Essa ideologia cultiva a liberdade, e vê a liberdade econômica (e o direito à propriedade privada) como um dos mais básicos direitos humanos [no Brasil, é a ideologia cultivada e propagandeada pelo Instituto Milênio (NTs)].
Mas apesar da aparente moralidade do neoliberalismo, as políticas de Thatcher eram extremamente conservadoras. Enquanto fazia cortes nos serviços públicos garantidos pelo Estado de Bem-estar, ela aumentava os gastos militares para armar o exército britânico ainda para a Guerra Fria.

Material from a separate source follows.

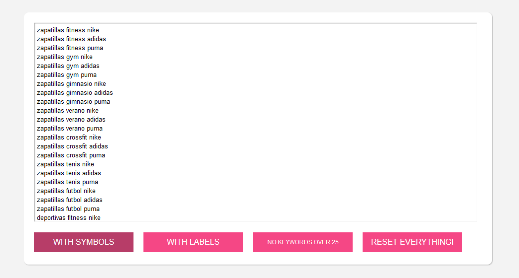 A diferencia de otras herramientas para buscar keywords, Keywordshitter no nos muestra ni el volumen de búsqueda, competencia ni la dificultad para posicionarla en las SERPs de Google, pero realmente te sorprenderá la cantidad de keywords relacionadas que puedes extraer.

Mas aquelas armas não foram usadas contra a União Soviética: o inimigo da hora foi a Argentina. Quando, em 1982, a Argentina invadiu as Ilhas Falkland [Malvinas] e South Georgia, que a Grã-Bretanha considerava território britânico "dependente", a Grã-Bretanha retomou o controle dessas ilhas mediante ação militar. Morreram centenas de soldados (a maioria dos quais, argentinos), e a Argentina rendeu-se depois de 74 dias de guerra.

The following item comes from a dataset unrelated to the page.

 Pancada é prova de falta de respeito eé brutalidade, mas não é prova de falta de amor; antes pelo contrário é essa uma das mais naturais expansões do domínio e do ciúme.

A vitória militar rendeu a Thatcher o codinome de "Dama de Ferro" e fez inflar sua popularidade, bem quando os protestos contra suas políticas econômicas atingiam o pico, o que a levou a vencer as eleições de 1983, e continuar com aquelas políticas.
Thatcher opôs-se às sanções contra a África do Sul durante o apartheid. Referia-se ao Congresso Nacional Africano, de Mandela, como "típica organização terrorista". Falava da África do Sul como "aquela terra de amalucados", sugerindo que Nelson Mandela jamais conseguiria governar o país.
Sempre apoiou Israel e foi o primeiro primeiro-ministro britânico a visitar Israel, em 1986.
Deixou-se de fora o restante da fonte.